Dr Sibylle Thies S.Thies@salford.ac.uk
Associate Professor/Reader
Movement variability in stroke patients and controls performing two upper limb functional tasks: a new assessment methodology
Thies, SB; Tresadern, PA; Kenney, LPJ; Smith, J; Howard, D; Goulermas, JY; Smith, C; Rigby, J
Authors
PA Tresadern
Prof Laurence Kenney L.P.J.Kenney@salford.ac.uk
Professor
J Smith
Prof David Howard D.Howard@salford.ac.uk
JY Goulermas
C Smith
J Rigby
Abstract
Background: In the evaluation of upper limb impairment post stroke there remains a gap between detailed kinematic analyses with expensive motion capturing systems and common clinical assessment tests. In particular, although many clinical tests evaluate the performance of functional
tasks, metrics to characterise upper limb kinematics are generally not applicable to such tasks and very limited in scope. This paper reports on a novel, user-friendly methodology that allows for the assessment of both signal magnitude and timing variability in upper limb movement trajectories during functional task performance.

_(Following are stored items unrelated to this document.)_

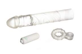 Fulfill - Penis Extension Kit • Clear sleeve extends penis a full 3” (7.5 cm) of extra length while maintaining a sensual look • Enhanced thickness adds girth to entire length of penis • Soft sleeve can be trimmed creating a comfortable customized fit. • Supple TPR material feels like real skin, allowing both partners to enjoy sensations equally • Includes a stretchy TPR love ring to maintain a firmer erection longer. Ring can be used without sleeve. • Compact, silky smooth 3 speed, water-resistant vibrating bullet can be used with or without love ring • Vibrating bullet can be worn below the shaft to stimulate the testicles or above the shaft to make contact with your partner • Water resistant • Phthalate-free, latex-free and PVC-free TPR Extender 8.5” x 1.5” (21.6 cm x 3.8 cm) Love Ring 1.38” diameter (3.5 cm diameter) Bullet vibe 1.97” (5 cm) www.SinclairSelect.com® Battery Info: 2 AG-5 batteries includedCopyright © 2026 Adnet Media. All Rights Reserved. XBIZ is a trademark of Adnet Media.
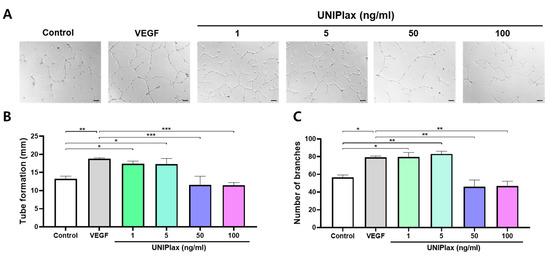 2.2. UNIPlax Promotes the Angiogenic Ability of HUVECs
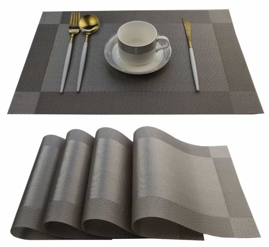 Some great qualities of this placemat include the resistance to mildew and stains as well as the ability to dry fast. Keep in mind that its PVC construction is still vulnerable to water damage and spills but the good news is that you can wash it without too many hassles. These placemats arrive in packs of four, six, or eight pieces. They all feature a non-slip bottom to stay firmly in place on the table.
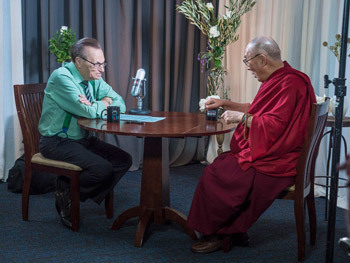 | Ларри Кинг 2015 оны 7-р сарын 6-нд Калифорнийн Ирвин хотод Дээрхийн гэгээн Далай ламтай ярилцаж буй. Зургийг: Тэнзин Чойжор/Дээрхийн гэгээн Далай ламын ажлын алба |
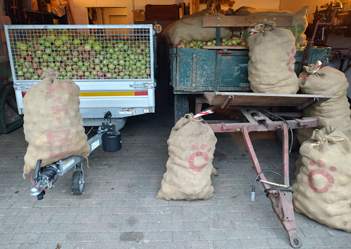 Aber würden die Äpfel reichen? Naja, auch die Pessimisten der Keltergemeinschaft (angeblich gibt es davon genau einen 😉) mussten beim Blick in die Garage zugeben, dass es „nicht so schlecht“ aussah (Jaaaa!).
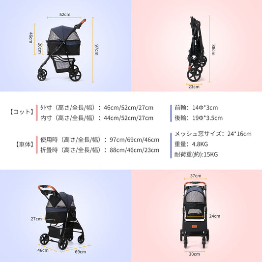 Aikenn 犬用ベビーカー 小型犬 折り畳み ペットキャリーカート ペットバギーミニ 4輪タイプ 犬介護用 猫犬兼用 前輪360°回転 後輪ブレーキ付 飛び出し防止 軽量 ワンタッチ開閉 組み立て簡単 耐荷重15KG 犬用おでかけ用品 (ブルー+ブラック)
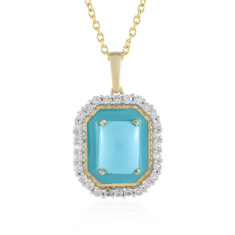 Entdecken Sie diesen exquisiten Anhänger mit einem bezaubernden Dornröschen-Türkis aus den USA, umrahmt von funkelnden Zirkonen aus Kambodscha. Der achteckige Cabochon erzeugt zusammen mit den Zirkonen einen atemberaubenden visuellen Effekt in diesem vergoldeten Stück aus 925er Sterlingsilber. Ideal für legere und formelle Anlässe. Kombinieren Sie es mit einem eleganten Kleid oder einer klassischen Bluse, um Ihren Look aufzuwerten.
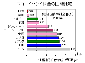 e-Japan開始時には、通信回線料金が高いことが障壁だとされていましたが、2003年にはブロードバンドは世界で最も廉価な料金になりました。
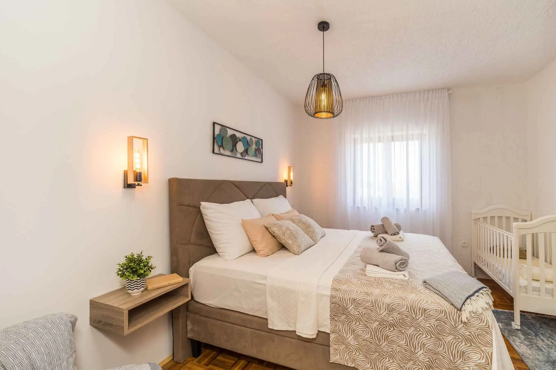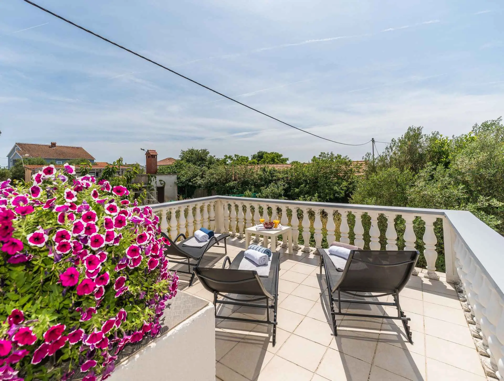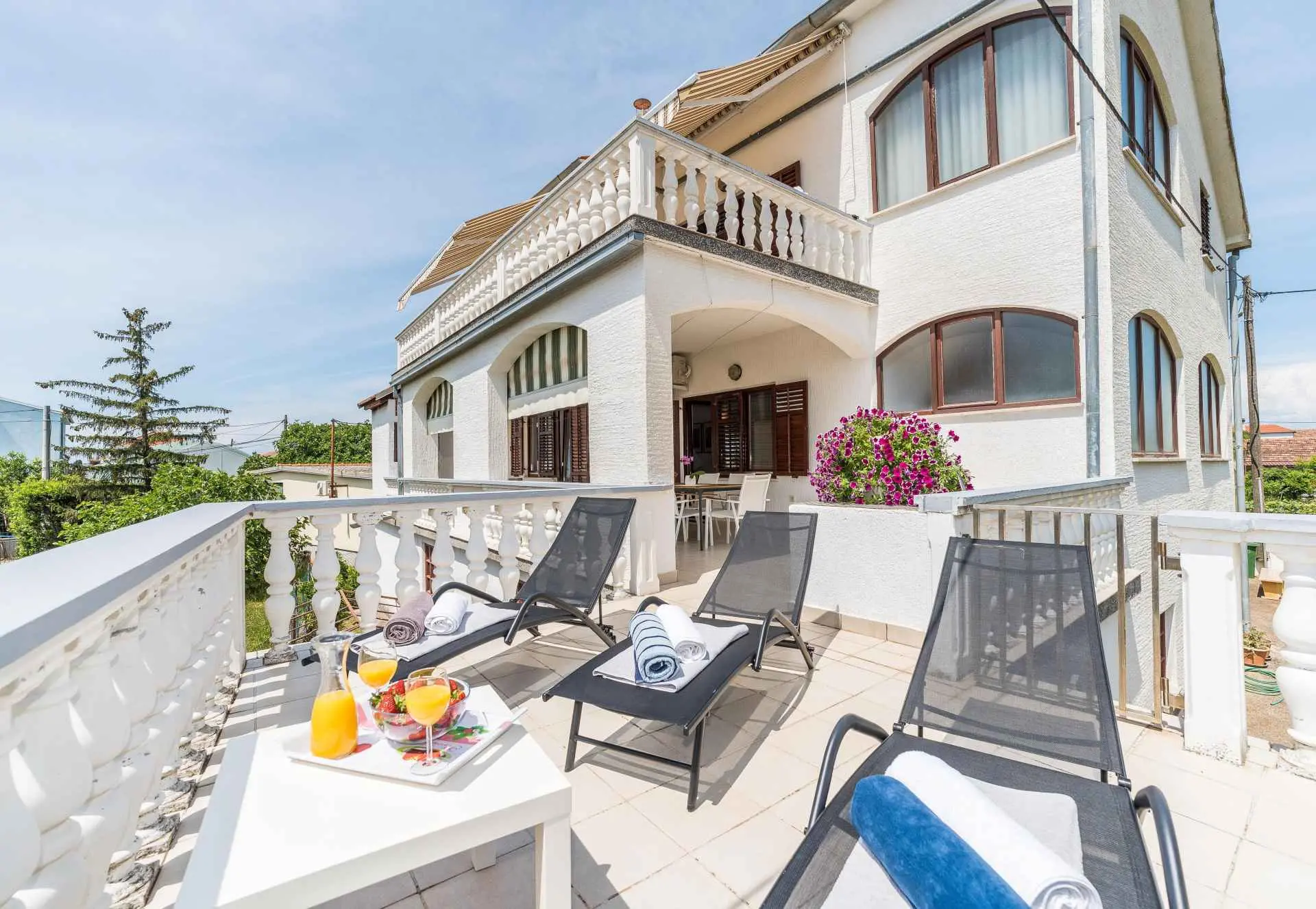 Pouze 7 km od města Zadar a 500 m od hlavní písečné pláže Dječji raj, prostorný 75 m2 + 60 m2 terasa pohodlný a útulný Apartmán Tinel se nachází v klidném prostředí v jedné z hlavních ulic Sukošanu. Skládá se z chodby, obývacího pokoje se 2 rozkládacími pohovkami, kuchyně a jídelny, jedné ložnice, koupelny, prostorné částečně zastřešené terasy, plně vybavené udírny a venkovního nábytku pro pohodlné venkovní posezení a slunění. Terasa je skrytá pohledům a nabízí naprosté soukromí a jedinečný výhled na hvězdnou noční oblohu. Ložnice s luxusní velkou postelí byla vyzdobena a zařízena na vysoké úrovni. K bytu náleží jedno soukromé parkovací místo, smart TV, ambientní osvětlení, bezplatné Wi-Fi a klimatizace. Zdarma poskytujeme dětskou postýlku, vysokou židličku a kočárek.
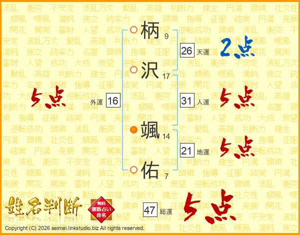 柄沢颯佑さんの総運は47画の5点!

In order to demonstrate the technique, we report on a study
in which the variability in timing and signal magnitude of data collected during the performance of two functional tasks is compared between a group of subjects with stroke and a group of individually matched control subjects.
Methods: We employ dynamic time warping for curve registration to quantify two aspects of movement variability: 1) variability of the timing of the accelerometer signals' characteristics and 2) variability of the signals' magnitude. Six stroke patients and six matched controls performed several trials of a unilateral ('drinking') and a bilateral ('moving a plate') functional task on two different days, approximately 1 month apart. Group differences for the two variability metrics were investigated on both days.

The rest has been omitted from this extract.